If you ask why the moral inner sense is to be (under due limitations) obeyed; why the few who are steered by it move the mass in whom it is weak? I can only reply by putting another question—Why do the few in whom the sense of beauty is strong—Shakespere, Raffaele, Beethoven, carry the less endowed multitude away? But they do, and always will. People who overlook that fact attend neither to history nor to what goes on about them.
Benjamin Franklin was a shrewd, excellent, kindly man. I have a great respect for him. The force of genial common-sense respectability could no further go. George Fox was the very antipodes of all this, and yet one understands how he came to move the world of his day, and Franklin did not.
As to whether we can all fulfil the moral law, I should say hardly any of us. Some of us are utterly incapable of fulfilling its plainest dictates.
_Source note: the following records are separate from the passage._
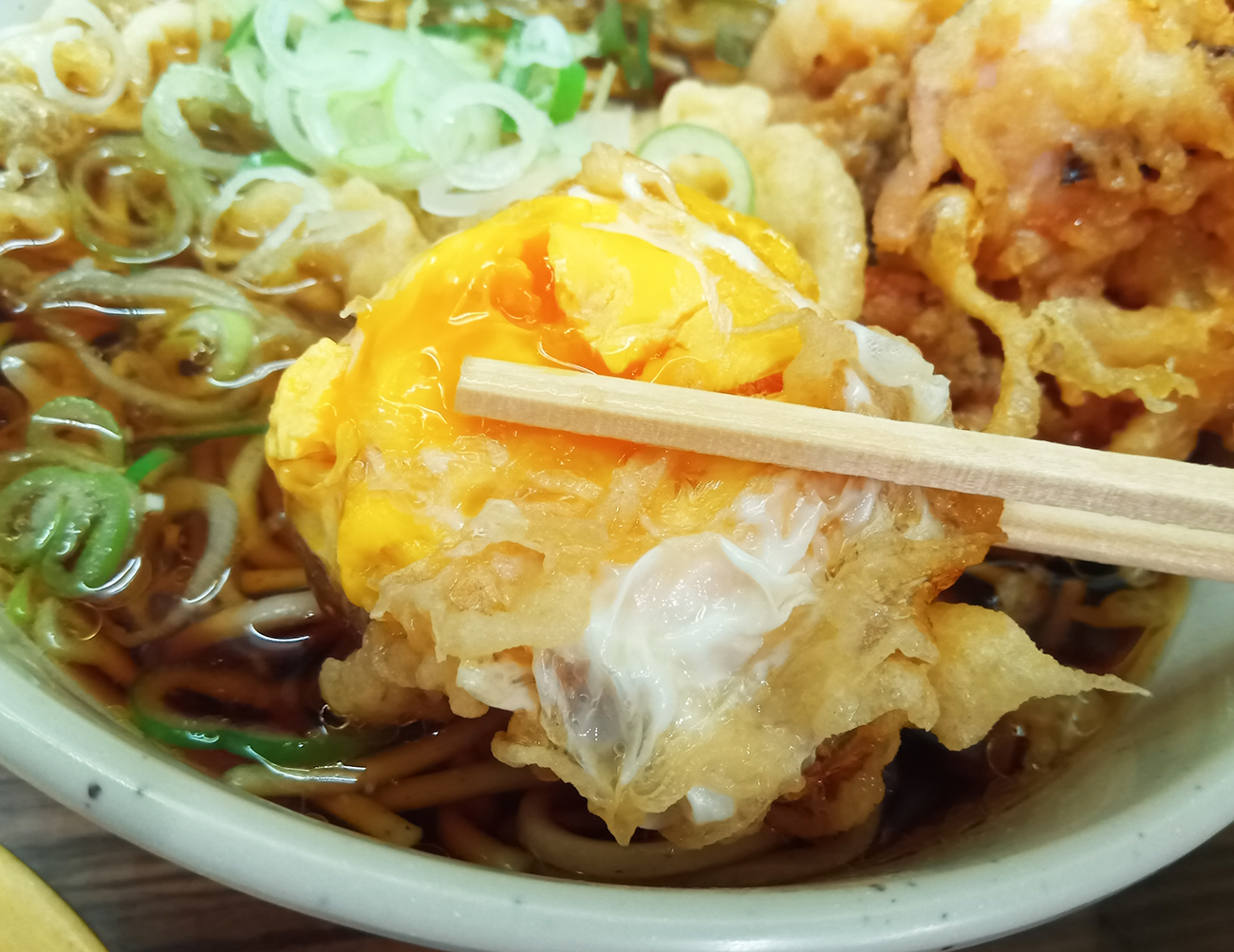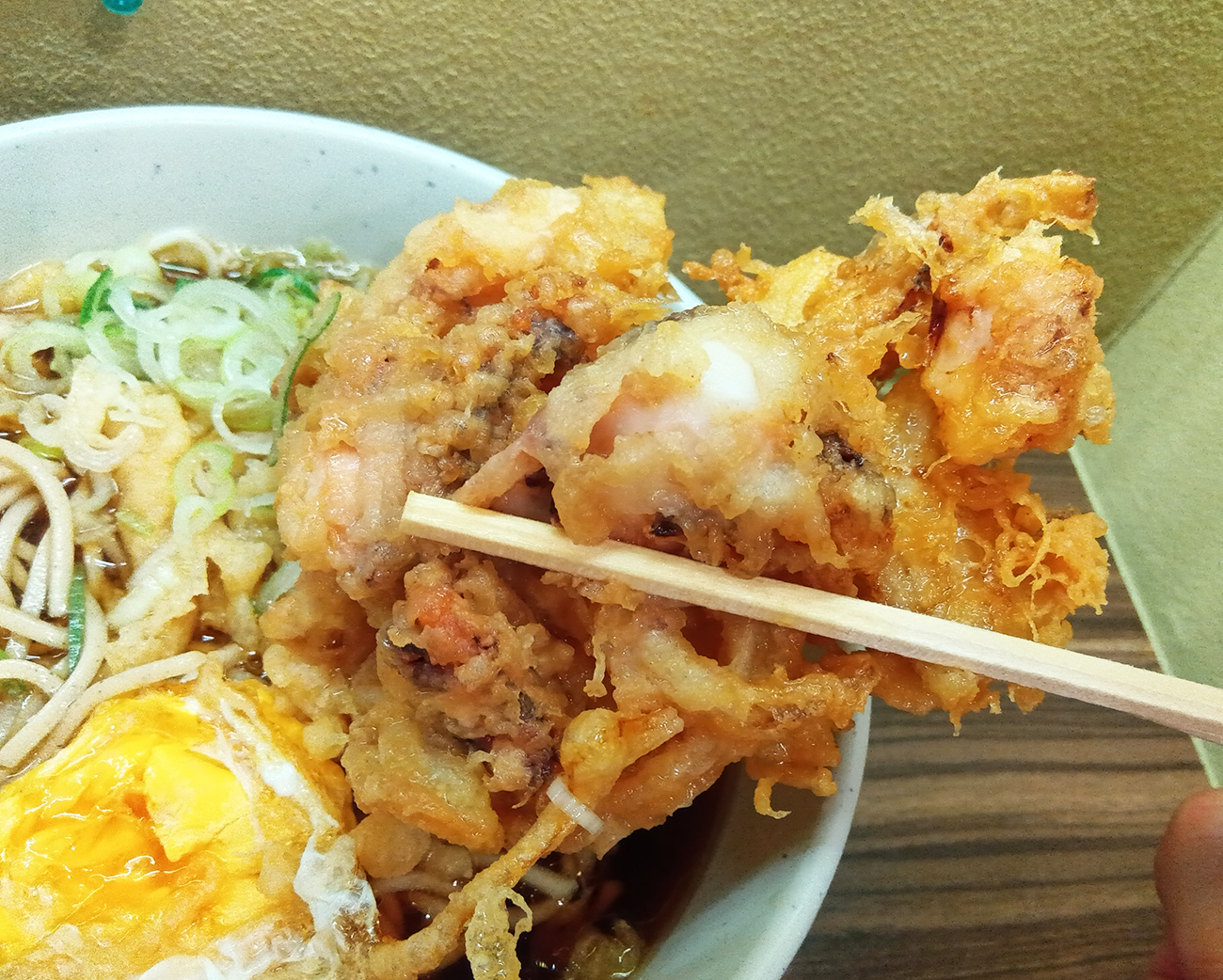 そんな中で、私(中澤)が注文したのは、ゲソ天そばにトッピング玉子天(130円)。存在感のあるゲソ天に彩りを添える玉子天がなかなかお目にかかれない組み合わせだ。
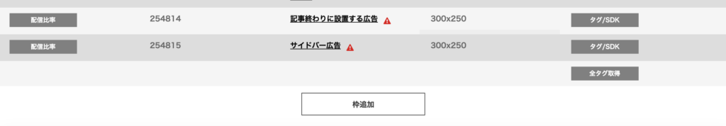 各広告枠を追加していきます。
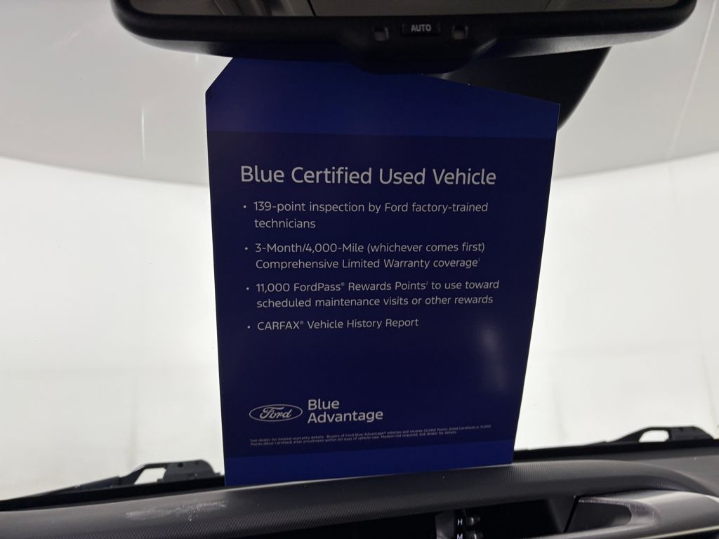 139 point vehicle inspection performed by an ASE Certified technician 3-month/4,000-mile Comprehensive Limited Warranty coverage that is fully competitive with other online retailers Blue Certification includes 11,000 FordPass Rewards Points For other manufacturers not listed above, Comprehensive Coverage is provided for 3 months or 4,000 miles, whichever comes first, from the signature date of the Ford Blue Advantage â" Blue Certified purchase. Comprehensive Limited Warranty covering 1,000+ components Travel expense reimbursement Rental car reimbursement SiriusXM 3 month tria. Recent Arrival! Odometer is 18221 miles below market average!
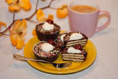 Keywords: cake tart pastries small sweet dessert bake delicious eat bakery desserts cream birthday cake muffin chocolate coffee piece of cake piece of pie coffee party cherry chocolate cake plate floral
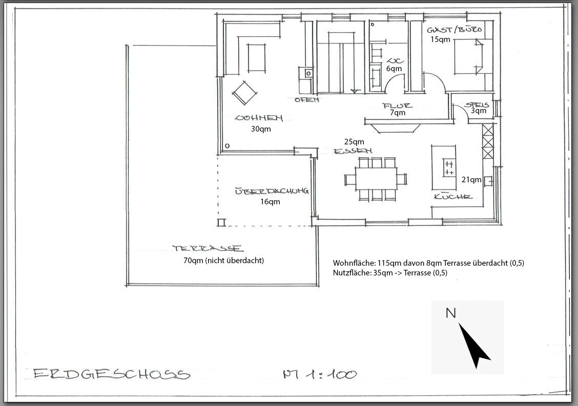Die Größe der Terrasse finde ich auch zu groß. 11ant hat das ganz gut beschrieben. Aber die Räume im UG sind jetzt unserer Meinung nicht so groß (außer der Flur). Wir haben überlegt ob man das Wohnzimmer nicht noch etwas Richtung Terrasse rauszieht, dass nur noch ein kleinerer "Weg" zum Garten führt. Und dafür noch das Schlafzimmer ins EG legt. Aber dann müsste das WC auch vergrößert werden... Oder wird das dann alles zu eng?
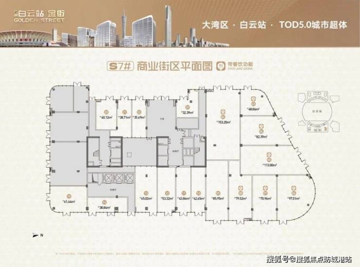 产品全能性:30-70㎡小面积户型,总价 150 万起降低置业门槛,5 米层高可实现双层利用,100% 带餐饮功能,适配多元经营需求。
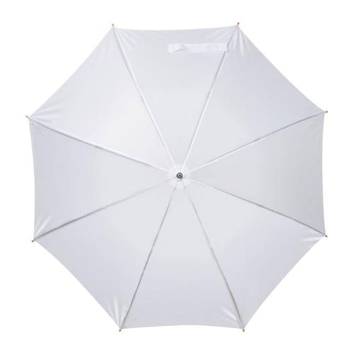 Automatic umbrella made of 190T polyester with curved wooden handle and wooden tips.

As there are men born physically cripples, and intellectually idiots, so there are some who are moral cripples and idiots, and can be kept straight not even by punishment. For these people there is nothing but shutting up, or extirpation.
I am, yours faithfully,
T.H. Huxley.
[The peaceful aspect of the "Irenicon" seems to have veiled to most readers the unbroken nature of his defence, and he writes to his son-in-law, the Hon. John Collier, suggesting an alteration in the title of the essay:—]
Hodeslea, Eastbourne, November 8, 1892.
My dear Jack,
It is delightful to find a reader who "twigs" every point as acutely as your brother has done. I told somebody—was it you?—I rather wished the printer would substitute o for e in Irenicon. So far as I have seen any notices, the British critic (what a dull ass he is) appears to have been seriously struck by my sweetness of temper.
I sent you the article yesterday, so you will judge for yourself.